If you’ve ever measured something twice, like the width of a doorway, and got two different answers, you know how annoying it can be. Now imagine you’re a physicist and what you’re measuring tells you basic things about the universe. There are many such examples. For example, we can’t seem to get consistent measurements of how long neutrons live outside the nucleus.
But some of these are the so-called ” Hubble constant, is a measure of how fast the universe is expanding. It was measured using information from the cosmic microwave background to obtain a single value. And when we measured it using the apparent distances to objects in our current universe, we got values that differed by about 10 percent. As far as anyone can tell, there’s nothing wrong with either measure, and there’s no obvious way to get consent.
Researchers have now made a third independent measurement of the universe’s expansion by tracking the behavior of the supernova through gravitational lensing. When first discovered, this lens produced four images of her as a supernova. But after some time, a fifth star appears, and its time dilation is affected by the expansion of the universe, the Hubble constant.
inconsistent constant
The Hubble constant is a measure of the expansion of the universe, as it has units of kilometers per second per megaparsec. That is, every second, every megaparsec of the universe expands by a constant kilometer. Another way to think about this is in terms of a relatively stationary object 1 megaparsec away. In other words, it moves a few kilometers away every second.

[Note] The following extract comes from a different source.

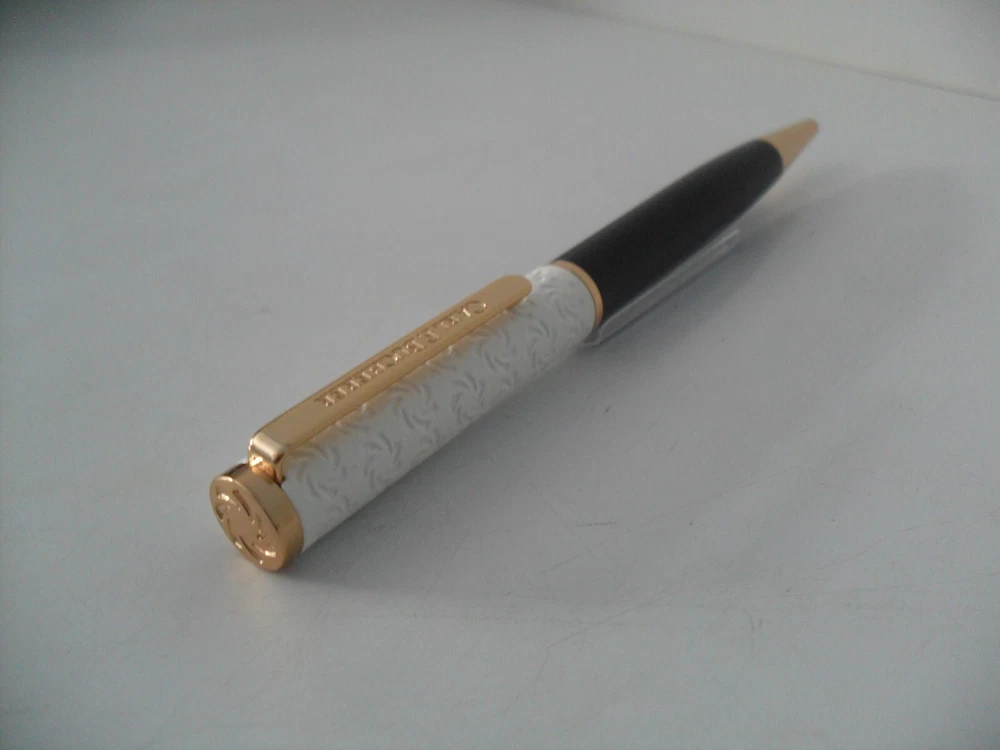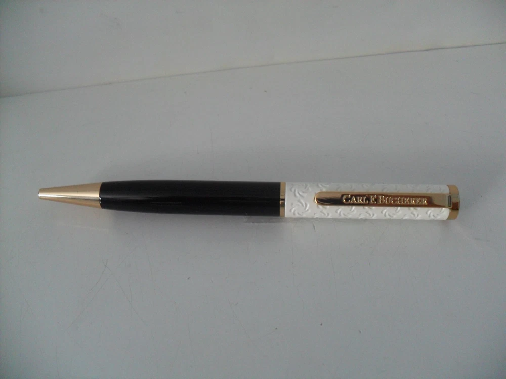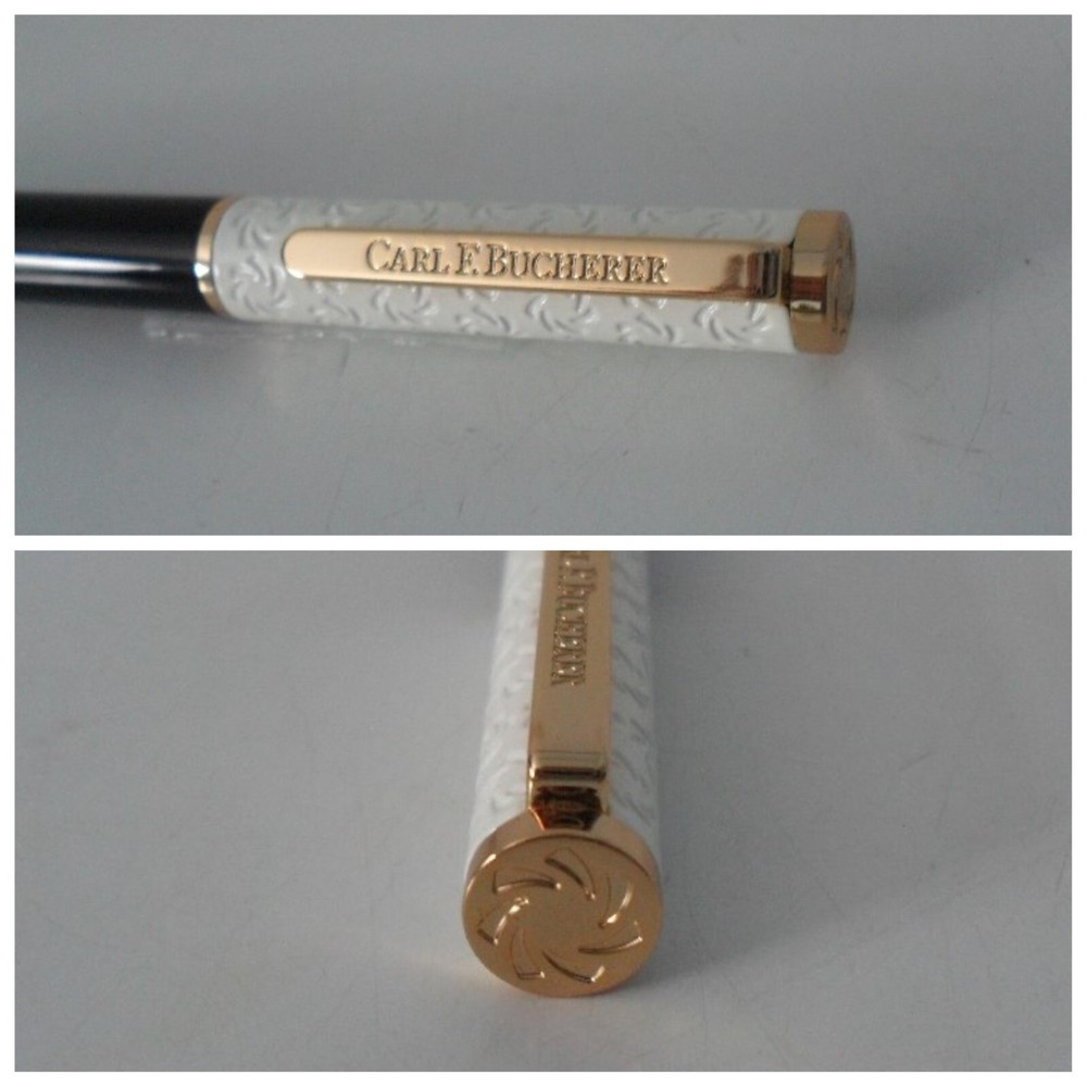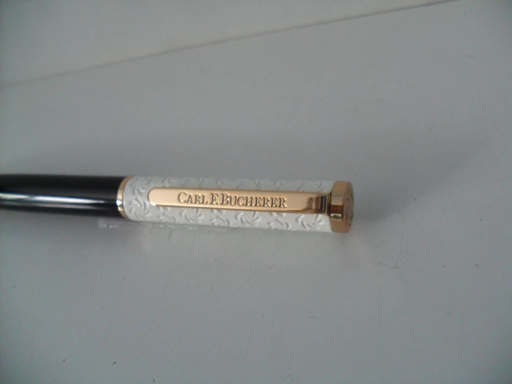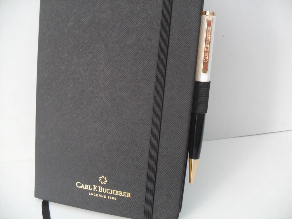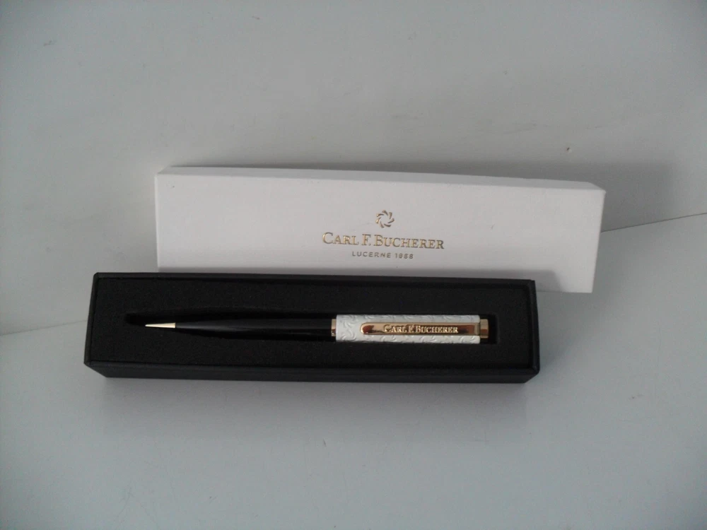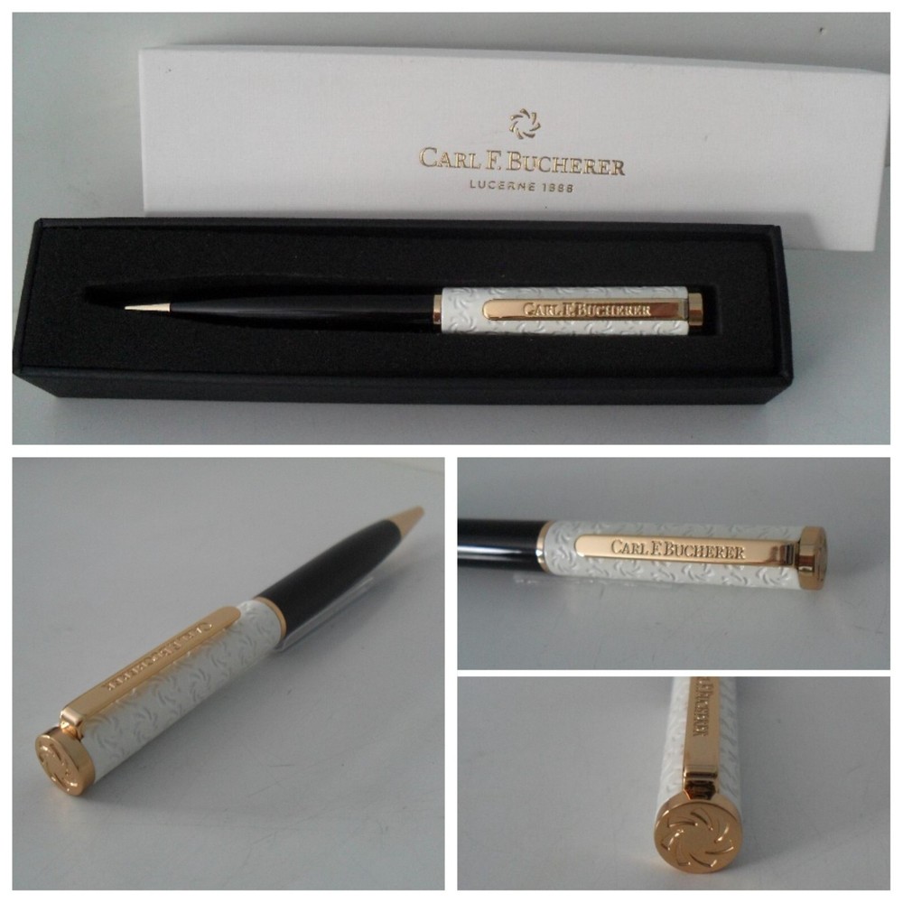 This is a Beautiful Set - Authentic Carl F. Bucherer Journal and Stunning Luxury Pen . This Very Rare was never available for sale - This was only available to VIP's at Baselworld inthe Mid-2010's. Both the Journal and Pen are Brand New - Never Used - Excellent Condition! JOURNAL: Journal is Black Leather Hard Bound Cover wth Gold Foil Page Edges. The Leather Cover Features the Iconic Block Letter "CARL F. BUCHERER - LUCERNE 1888" Logo Along With the "twirling cirle" Logo Embossed in Gold Foil. 200 Un-Lined Pages With Each Page Featuring the Block Letter "CARL F. BUCHERER - LUCERNE 1888" Logo Along With the "twirling cirle" Logo. Two Expandable Pocket Holders Attached Inside Back Cover - For Business Cards, Brochures, Etc... (See Photos - Very Nice Addition). Elastic Journal Safety Closure Band Pen Holder. Attached Ribbon Book Mark. Includes Slip Dust Cover with Gold Foil Logo. Measures 5" X 8.25" When Closed. PEN: Luxury Pen - Beautiful Polished Black Resin Lower Barrel and Polished White Upper Barrel With Gold Trim - Very Beautiful Pen! The Upper Barrel (White Polished Resin) Features a Word Cloud Logo Design Featuring the Carl F. Bucherer "twirling circle" Logo Engraved in the Barrel - Very Nice! The Gold Trim Shirt Clip Features the Iconic Block Letter "CARL F. BUCHERER" Logo Engraved in the Clip - The End of the Clip Features the "twirling circle" Logo Engraved in the Cap. Includes Original Gift Box Featuring the Block Letter "CARL F. BUCHERER - LUCERNE 1888" Logo Along With the "twirling cirle" Logo Embossed in Gold Foil. Non-Smoking Home Listing and template services provided by inkFrog

How many kilos? That is the question. Measurements of the cosmic microwave background using the Planck satellite yielded a value of 67 km/s Mpc. Results done by tracking a distant supernova yield a value of 73 km/s Mpc. I’m not sure why these measurements are different, or if there’s some technical issue I haven’t identified yet. However, it is considered to be an important open question.
New research includes a third method of measuring distance that is independent of the other two. It relies on gravitational lensing, where space-time distortions caused by massive objects act as lenses that magnify background objects. It is not a perfect optical quality lens, so there may be some distortion or unevenness. This causes light from background objects to take different paths to Earth, and a single object can appear in several different locations dispersed around the lens.
On a cosmological scale, these paths may require light to travel very different distances to reach Earth. And since light travels at a finite speed, it means we can see a single object the same way when viewed from different angles. times. Last year, for example, researchers identified a single Hubble Space Telescope image that captured the supernova at three different times after the explosion.
A new study focuses on a similar supernova first identified in 2014. Now called SN Lefsdal, named after the astronomer who first proposed using a lens explosion to make measurements. When first detected, distant SN Refsdal was lensed by her galaxy cluster called MACS J1149.6 + 2223, creating four different images of her. However, a study of the lens formed by MACS J1149.6+2223 quickly found that an additional image would be produced approximately one year later.
Those predictions turned out to be correct. Images taken in late 2015 identified his fifth image of the event, created by gravitational lensing.